(Stored entries)

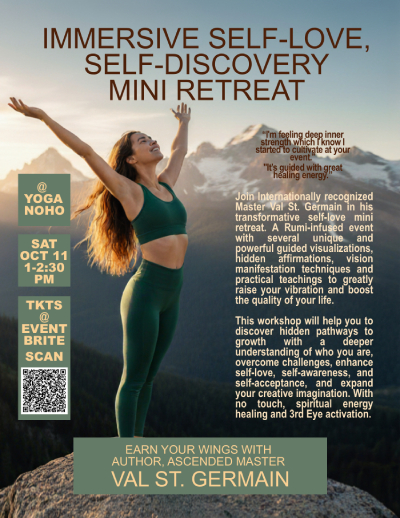 2. IMMERSIVE SELF-LOVE / SELF-DISCOVERY EXPERIENCE MINI-RETREAT This is a popular Rumi-infused immersive self-love event with practical teachings, several powerful guided visualizations, unique affirmations and vision manifestation techniques to raise your vibration and boost the quality of your life. It includes spiritual healing energy boost and 3rd Eye activation. This workshop will help you to discover hidden pathways to growth with a deeper understanding of who you are, overcome challenges, enhance self-love, self-awareness, and self-acceptance, and expand your creative imagination. > Press for Happiness is Loving Yourself: Yahoo News | LA Times | Hoodline. Level 3. COSMIC ASCENSION A fully guided experience into the highest level of spiritual attainment on this planet, the Ascension. Includes a toolbox into maintaining the growth, the expansion and the liberation. Level 3. DISCOVER YOUR SOUL'S MISSION AND UNLOCK YOUR SUPERPOWERS Accelerate your path to growth (5D). Support, enhance and reaffirm your unique personal and spiritual journey. Understand universal and spiritual mysteries. Discover hidden pathways to growth, overcome challenges, enhance self-love, with powerful guided visualizations, affirmations & unique vision manifestation techniques. Level 4. SPIRITUAL AWAKENING: AWAKEN, HEAL, NURTURE, ENHANCE, EXPAND AND MANIFEST. Master Val St. Germain has launched a powerful new fully immersive spiritual awakening mini retreat that is infused with his healing and awakening energy. The path to true spiritual enlightenment is self-discovery, self-acceptance and self-love and this workshop will gift you the hidden tools for a deep dive into the yet undiscovered you. Level 1. THE RUMI TRANSMISSION. A celebration of healing, growth and love. With powerful and passionate Rumi poetry presented by a Modern Master, with untold stories and anecdotes of Rumi's colorful and unconventional life, and Rumi energy healing and much more, followed by a Q&A session. We are now looking to bring these powerful events to California. |
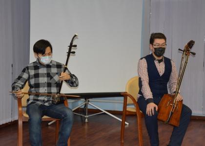 Музыкальные композиции собравшимся подарили студент Колледжа искусств им. П. О. Чонкушова Мерген Манджиев и артист Государственного академического ансамбля песни и танца Калмыкии «Тюльпан» Виталий Ачиров. Молодые калмыцкие артисты продемонстрировали виртуозное, прекрасное исполнение мёрн хур-айс, в которых можно было услышать шум степного ветра, ржание лошадей, нежный шелест трав. Игре на национальном народном инструменте ребят обучил проживающий в Калмыкии уроженец СУАР КНР Намджил-багш.
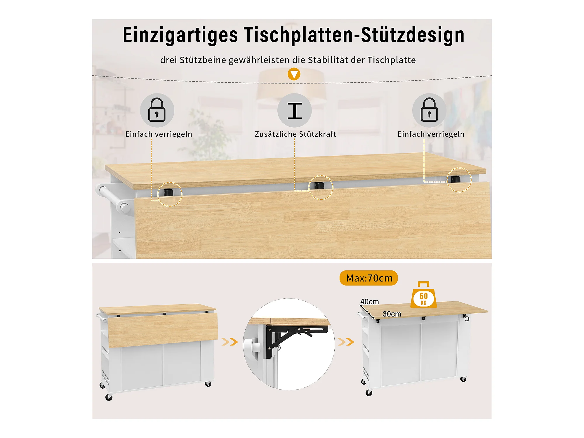 Îlot central à roulettes avec plan de travail rabattable + 4 portes + 3 tiroirs - 140 x 43(70) x 90.5 cm - blanc
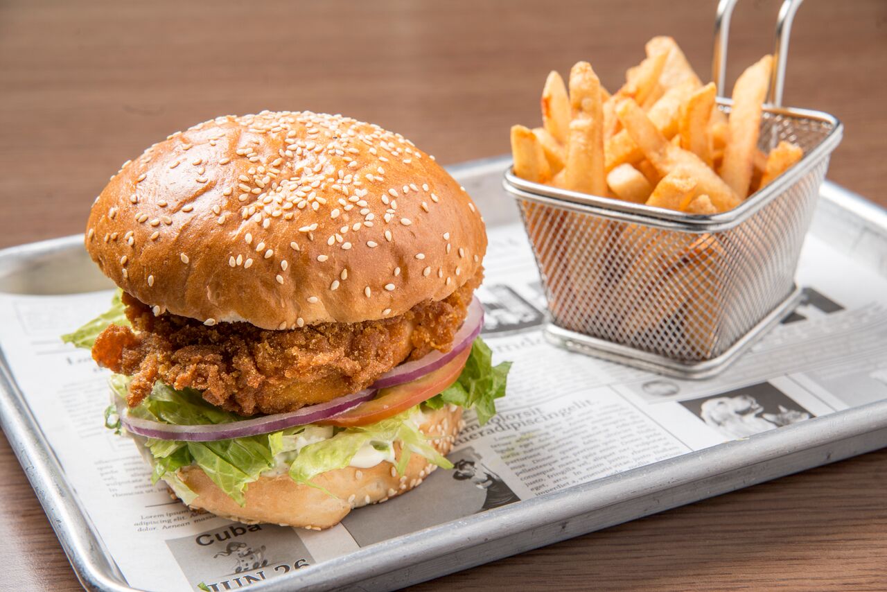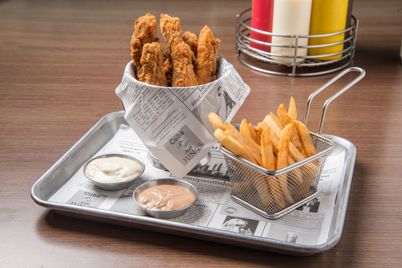 A bar where you can sit and eat burgers, hotdogs and a lot of apetizers, drink beer while you watch your favorite sport.
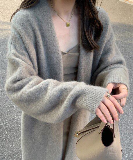 ニットカーディガン レディース カーディガン 羽織 アウター ライトアウター ウール 長袖 シンプル 無地 カジュアル お出掛け きれいめ ミディ丈 秋冬 ノーカラー ゆったり ニットカーディガン
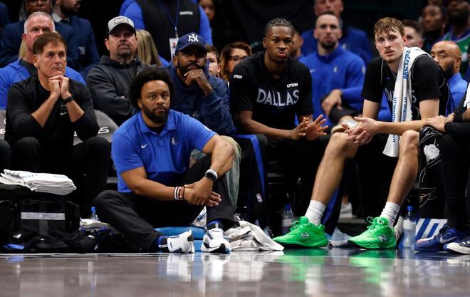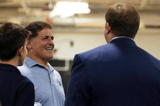 库班(左一)没有能够让东契奇成为下一个诺维茨基,这次他能让弗拉格(右一)在达拉斯慢慢成长起来吗?

**Task instructions:** With the pictures omitted, print precisely the lines from the one with "A bar where" to the final line of the records, both included.

**Answer to this exercise:**
 A bar where you can sit and eat burgers, hotdogs and a lot of apetizers, drink beer while you watch your favorite sport.
 ニットカーディガン レディース カーディガン 羽織 アウター ライトアウター ウール 長袖 シンプル 無地 カジュアル お出掛け きれいめ ミディ丈 秋冬 ノーカラー ゆったり ニットカーディガン
 库班(左一)没有能够让东契奇成为下一个诺维茨基,这次他能让弗拉格(右一)在达拉斯慢慢成长起来吗?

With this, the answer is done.